For the entries below, repeat exactly each line starting with the one that contains "ロープジャングル&ボールプー" and going on through the one that contains "chống cắt phá.", and no others.

Working data:
BEGIN

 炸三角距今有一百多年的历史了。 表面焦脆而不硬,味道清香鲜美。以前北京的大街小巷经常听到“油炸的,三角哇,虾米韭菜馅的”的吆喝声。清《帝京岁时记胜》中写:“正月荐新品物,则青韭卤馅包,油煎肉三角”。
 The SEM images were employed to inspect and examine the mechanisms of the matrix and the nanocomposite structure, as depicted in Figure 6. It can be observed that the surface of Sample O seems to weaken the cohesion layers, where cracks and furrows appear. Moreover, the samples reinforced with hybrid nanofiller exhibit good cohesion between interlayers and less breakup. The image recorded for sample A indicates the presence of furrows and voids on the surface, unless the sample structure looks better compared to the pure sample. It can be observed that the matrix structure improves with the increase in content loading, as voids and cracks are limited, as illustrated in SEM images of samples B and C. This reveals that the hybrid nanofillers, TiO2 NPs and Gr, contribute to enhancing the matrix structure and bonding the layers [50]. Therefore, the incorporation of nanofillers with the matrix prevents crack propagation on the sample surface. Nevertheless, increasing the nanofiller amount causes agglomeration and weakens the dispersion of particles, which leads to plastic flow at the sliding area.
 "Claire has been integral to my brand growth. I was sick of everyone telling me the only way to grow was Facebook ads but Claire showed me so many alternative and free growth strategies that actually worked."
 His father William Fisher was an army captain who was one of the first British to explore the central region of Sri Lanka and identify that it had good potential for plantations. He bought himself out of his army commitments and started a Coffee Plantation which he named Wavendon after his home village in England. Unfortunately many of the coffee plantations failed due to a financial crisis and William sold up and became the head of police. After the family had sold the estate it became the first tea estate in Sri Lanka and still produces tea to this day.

END
BEGIN

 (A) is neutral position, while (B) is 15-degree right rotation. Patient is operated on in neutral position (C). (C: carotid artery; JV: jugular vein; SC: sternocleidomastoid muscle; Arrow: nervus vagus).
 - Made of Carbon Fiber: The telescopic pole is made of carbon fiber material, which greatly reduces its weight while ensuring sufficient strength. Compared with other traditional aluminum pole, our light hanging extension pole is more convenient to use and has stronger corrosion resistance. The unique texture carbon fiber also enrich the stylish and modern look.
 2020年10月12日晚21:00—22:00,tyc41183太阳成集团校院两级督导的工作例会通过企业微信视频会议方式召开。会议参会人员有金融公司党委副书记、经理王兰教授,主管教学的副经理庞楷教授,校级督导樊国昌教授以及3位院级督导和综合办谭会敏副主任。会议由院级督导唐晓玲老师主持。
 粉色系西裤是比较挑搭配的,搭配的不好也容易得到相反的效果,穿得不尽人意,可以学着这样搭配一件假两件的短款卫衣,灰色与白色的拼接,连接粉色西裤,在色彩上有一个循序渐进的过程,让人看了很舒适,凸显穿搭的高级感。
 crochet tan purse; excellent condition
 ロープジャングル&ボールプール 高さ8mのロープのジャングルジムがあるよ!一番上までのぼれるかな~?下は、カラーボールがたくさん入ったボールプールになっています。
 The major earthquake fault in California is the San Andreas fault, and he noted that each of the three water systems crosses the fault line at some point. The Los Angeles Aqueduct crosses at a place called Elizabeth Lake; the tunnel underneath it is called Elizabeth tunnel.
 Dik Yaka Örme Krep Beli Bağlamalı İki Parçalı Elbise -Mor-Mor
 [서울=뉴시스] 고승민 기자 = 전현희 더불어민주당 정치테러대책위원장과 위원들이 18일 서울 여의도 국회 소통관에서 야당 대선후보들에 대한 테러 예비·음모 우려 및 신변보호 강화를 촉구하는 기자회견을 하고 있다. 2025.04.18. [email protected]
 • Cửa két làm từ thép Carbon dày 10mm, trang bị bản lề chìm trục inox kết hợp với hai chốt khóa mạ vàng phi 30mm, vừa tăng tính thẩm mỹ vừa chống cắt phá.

END
BEGIN

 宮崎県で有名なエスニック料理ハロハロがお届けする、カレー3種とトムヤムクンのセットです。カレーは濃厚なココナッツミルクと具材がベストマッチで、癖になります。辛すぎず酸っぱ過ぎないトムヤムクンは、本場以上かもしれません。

END

Task result:
 ロープジャングル&ボールプール 高さ8mのロープのジャングルジムがあるよ!一番上までのぼれるかな~?下は、カラーボールがたくさん入ったボールプールになっています。
 The major earthquake fault in California is the San Andreas fault, and he noted that each of the three water systems crosses the fault line at some point. The Los Angeles Aqueduct crosses at a place called Elizabeth Lake; the tunnel underneath it is called Elizabeth tunnel.
 Dik Yaka Örme Krep Beli Bağlamalı İki Parçalı Elbise -Mor-Mor
 [서울=뉴시스] 고승민 기자 = 전현희 더불어민주당 정치테러대책위원장과 위원들이 18일 서울 여의도 국회 소통관에서 야당 대선후보들에 대한 테러 예비·음모 우려 및 신변보호 강화를 촉구하는 기자회견을 하고 있다. 2025.04.18. [email protected]
 • Cửa két làm từ thép Carbon dày 10mm, trang bị bản lề chìm trục inox kết hợp với hai chốt khóa mạ vàng phi 30mm, vừa tăng tính thẩm mỹ vừa chống cắt phá.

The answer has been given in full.